Supervised Learning of Universal Sentence Representations From Natural Language Inference Data (2017)

#Sentence Embedding

May 30, 2025

Supervised Learning of Universal Sentence Representations From Natural Language Inference Data proposes a supervised approach to train neural networks on the Stanford Natural Language Inference (SNLI) dataset to produce general-purpose sentence embeddings applicable to a wide range of downstream tasks. The authors evaluated seven different encoder architectures across twelve NLP tasks and found that a bidirectional LSTM with max pooling achieved the best performance.

They chose to train on a natural language inference dataset because they hypothesized that NLI requires models to perform high-level semantic reasoning between sentence pairs. The SNLI dataset consists of 570,000 sentence pairs, each comprising a premise and a hypothesis, annotated with one of three labels: entailment, neutral, or contradiction.

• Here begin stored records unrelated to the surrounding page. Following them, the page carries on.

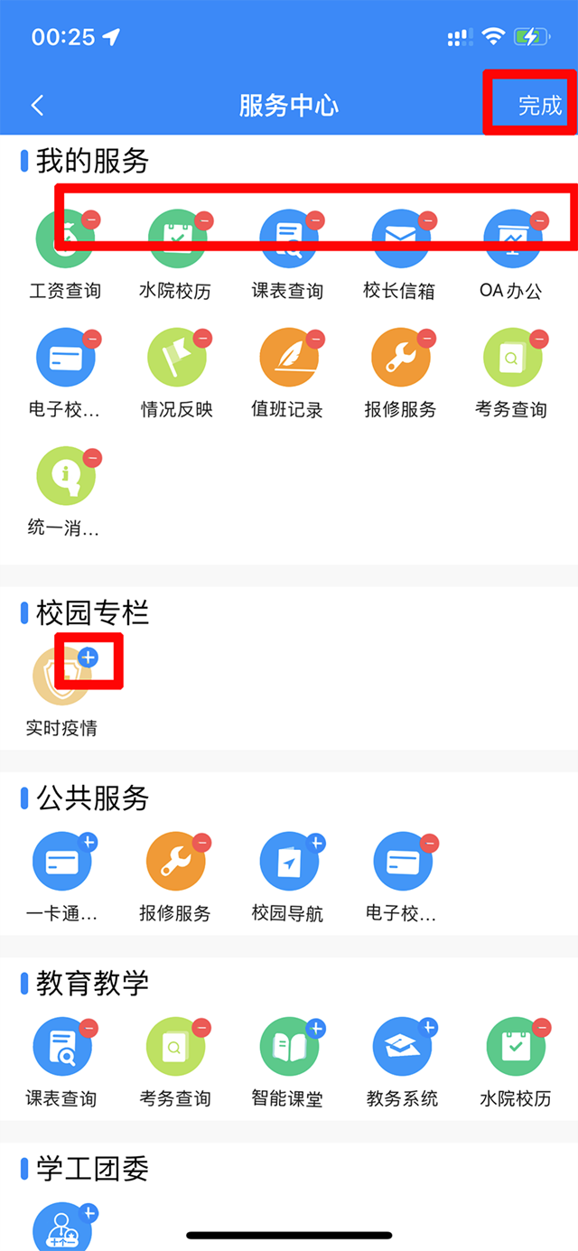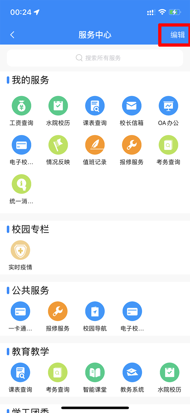 ①在服务大厅页面点击编辑按钮进行我的服务编辑,点击完成按钮保存设置。我的服务可以添加多个,但大于14个时,剩余的将不会出现在服务页面。用户可以拖动服务改变服务展示顺序。如下:
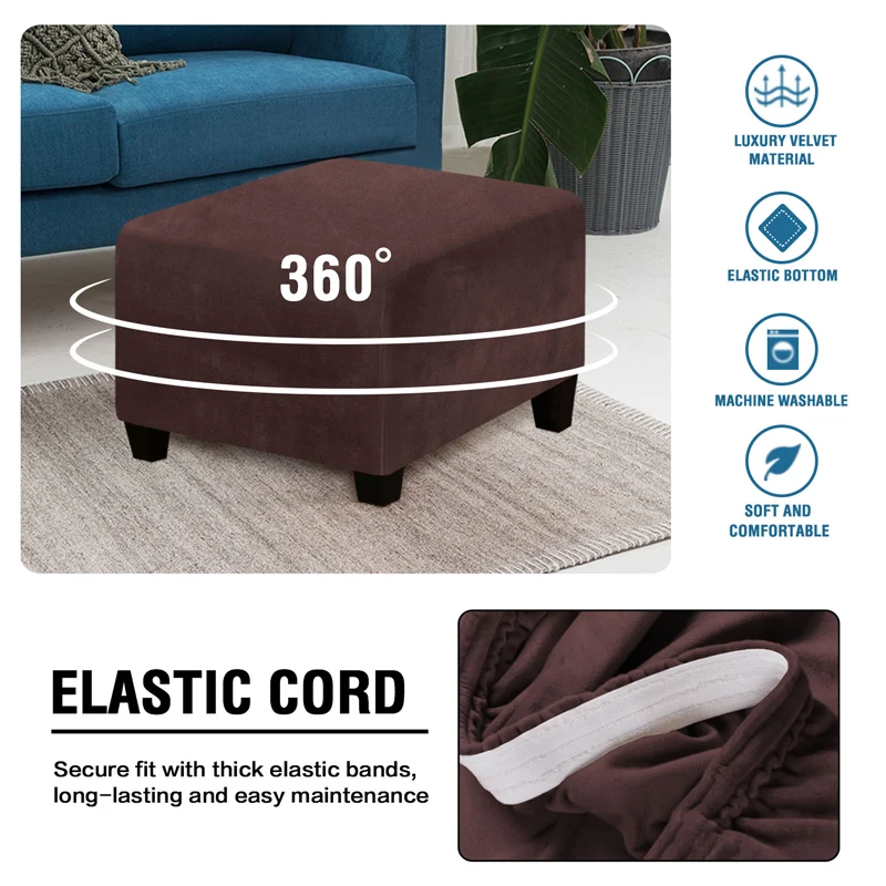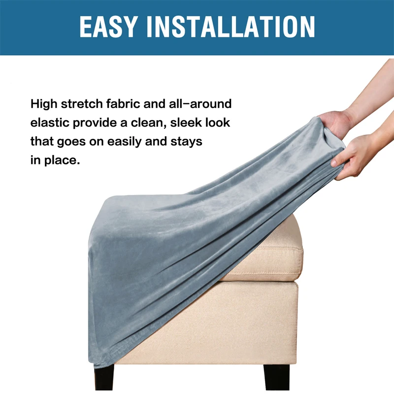 Тонкая ткань: Бархатная ткань с сильной эластичностью подходит для более чем 90% мебели. Он может идеально подогнать вашу пуфику, закрывая пуфик в ever edge, что увеличивает время использования. А наши чехлы используют уникальную технологию окрашивания, она не потускнеет.
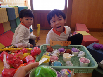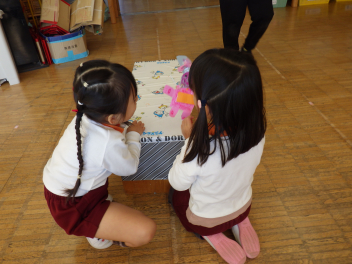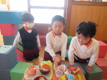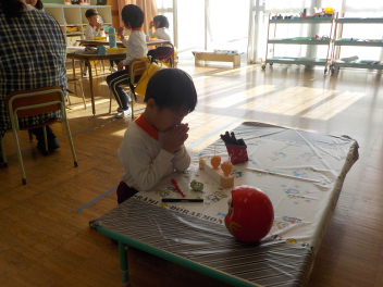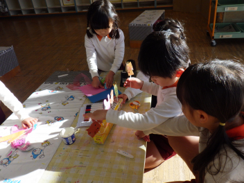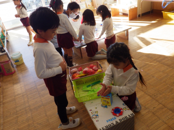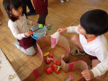 うさぎ組の劇遊びの果物を見て、ひよこ組も同じようにつくりたくなっていますよfrown
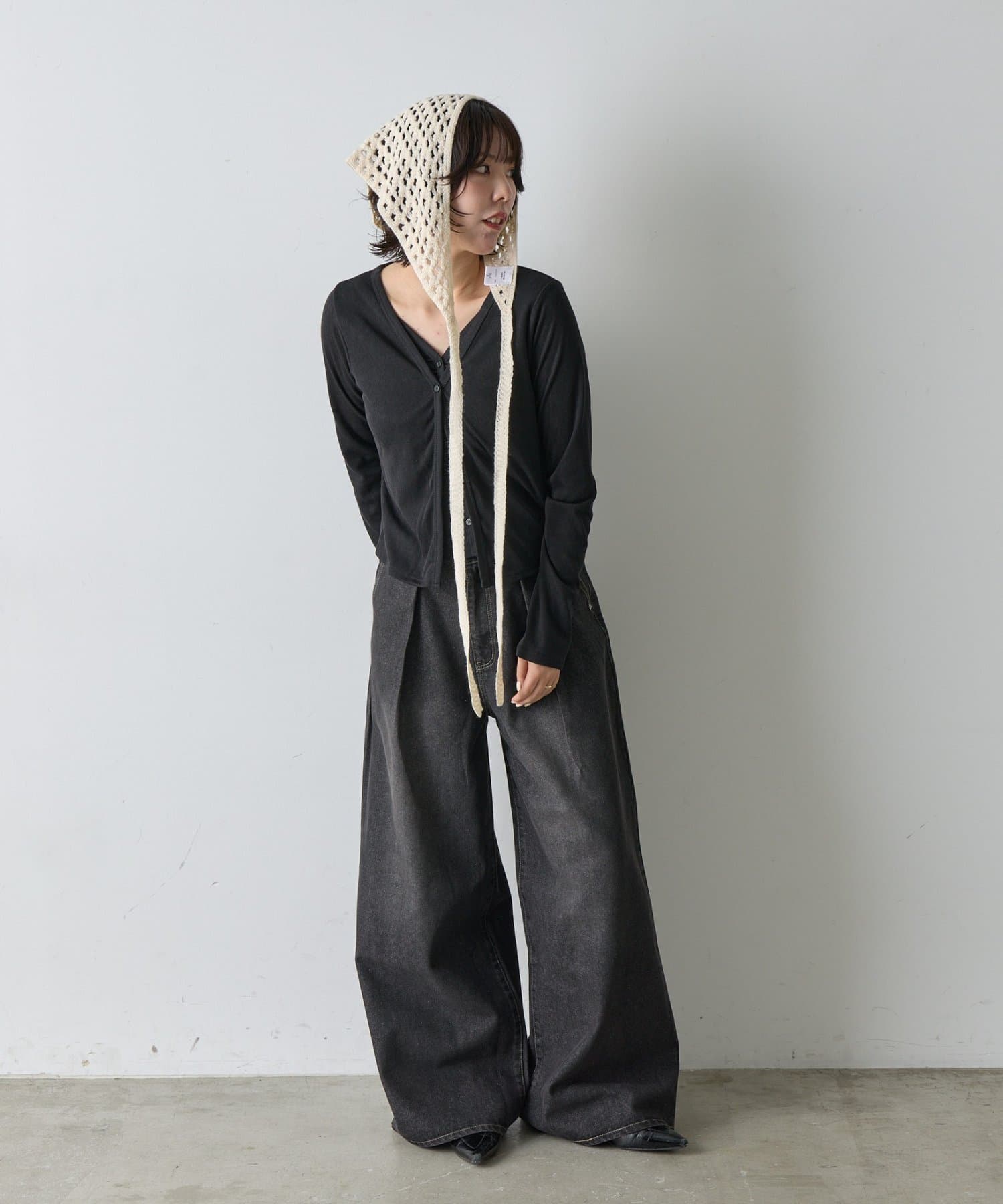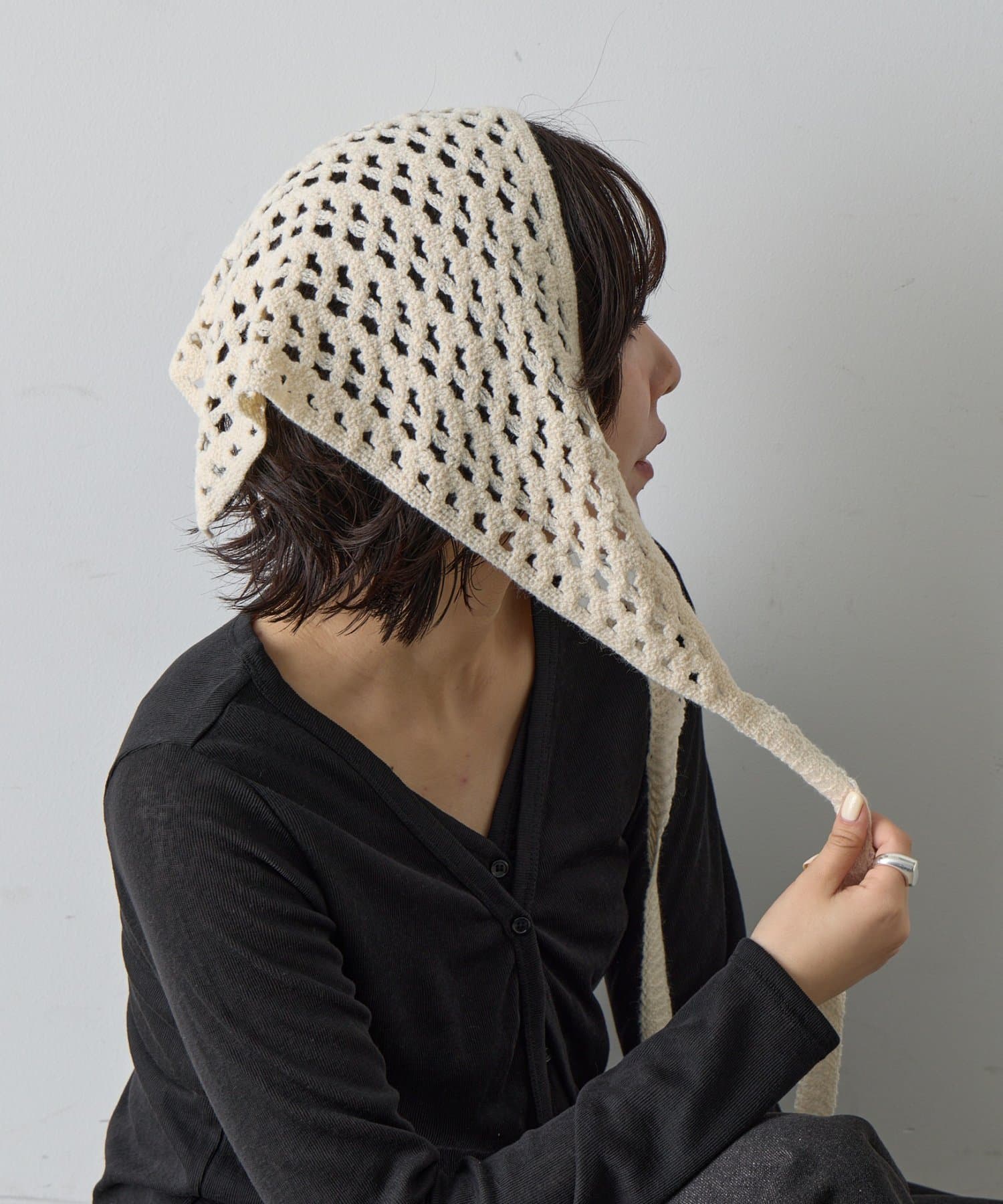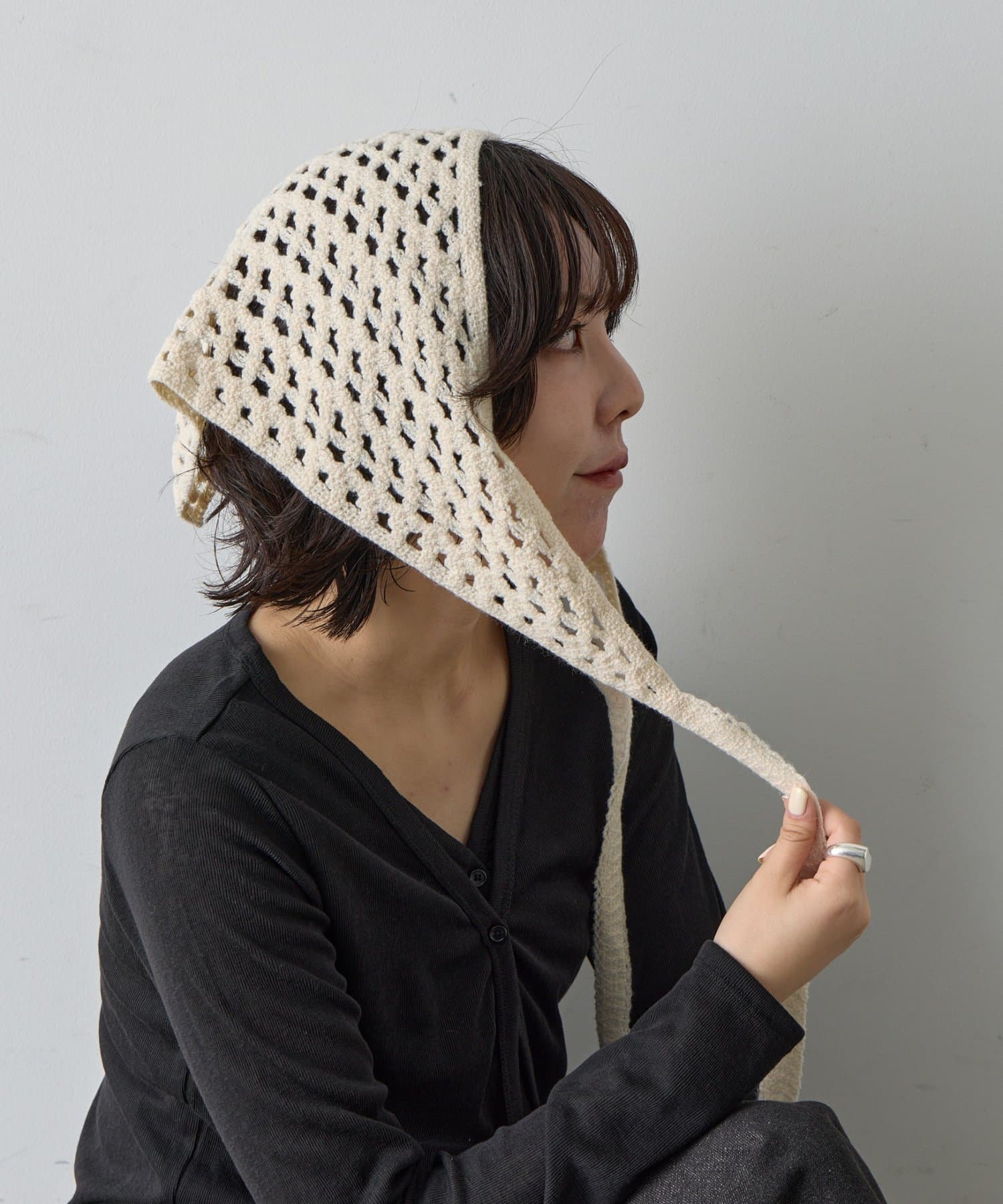 シンプルコーデを格上げする、透かし網バブーシュカ

While the encoder component varies across the seven architectures, the classification layer is shared. Each model generates two sentence embeddings, \( u \) and \( v \), for the premise and hypothesis, respectively. These embeddings are combined into a single feature vector using concatenation: \( (u, v, |u - v|, u \odot v) \). This vector is then passed through fully connected layers and a softmax classifier to predict the relationship label.

In the best-performing architecture—bidirectional LSTM with max pooling, the sentence is encoded by concatenating the outputs from forward and backward LSTMs. Max pooling is then applied across all token vectors to produce a fixed-size sentence embedding, where each dimension takes the maximum value across the sequence.